- The U.S. Cybersecurity and Infrastructure Security Agency added a new vulnerability found in the Zimbra email suite to its list.
- The vulnerability, disclosed by Sonar Source, allows attackers to execute arbitrary Memcached commands and data theft.
- The company released fixes that address the vulnerability in May, but it is still under active exploitation.

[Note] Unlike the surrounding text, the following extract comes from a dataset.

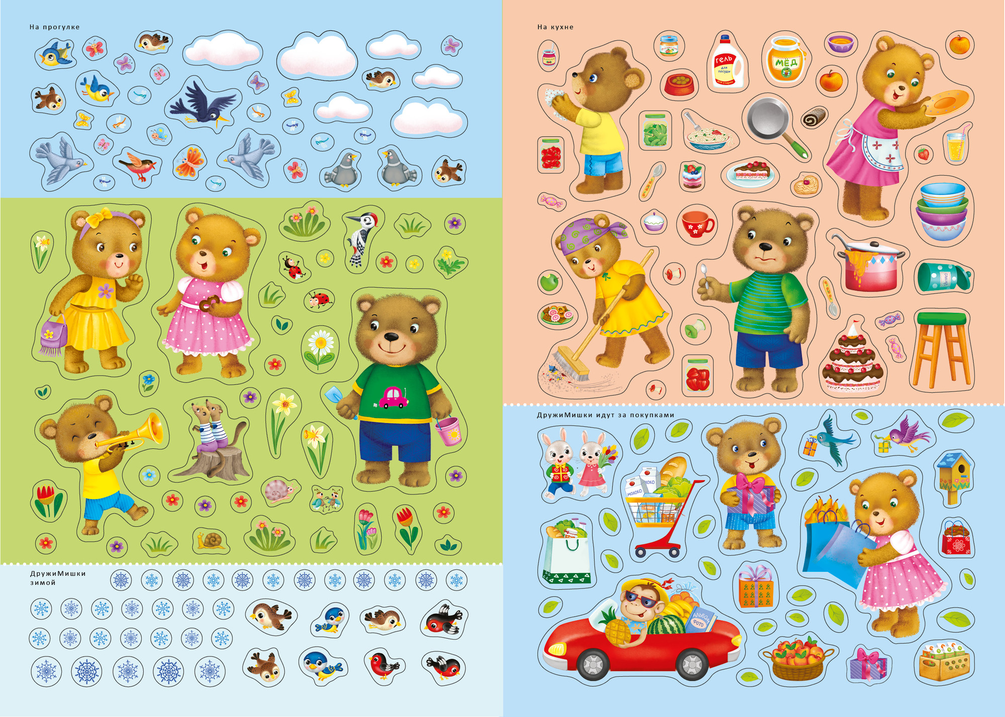 Более 600 ярких наклеек с изображениями мишек ДружиМишек и их друзей, красочные страницы с фонами для заполнения.

The U.S. Cybersecurity and Infrastructure Security Agency announced that a new high severity vulnerability is now added to its Known Exploited Vulnerabilities Catalog. The vulnerability is a command injection flaw found in the Zimbra email suite. The vulnerability, tracked as CVE-2022-27924, can allow attackers to execute arbitrary Memchached commands and data theft.
Under attack
The vulnerability was disclosed by SonarSource. SonarSource stated that the code flaws affect Zimbra’s Reverse Proxy and can be exploited with default configurations by an unauthenticated attacker. There are two strategies that allow attackers to exploit the vulnerability. The first one requires the attacker to know the email address of victims to be able to steal their login credentials. The second exploitation technique exploits “Response Smuggling” to bypass the restrictions allowing an attacker to steal cleartext credentials from any vulnerable Zimbra instance.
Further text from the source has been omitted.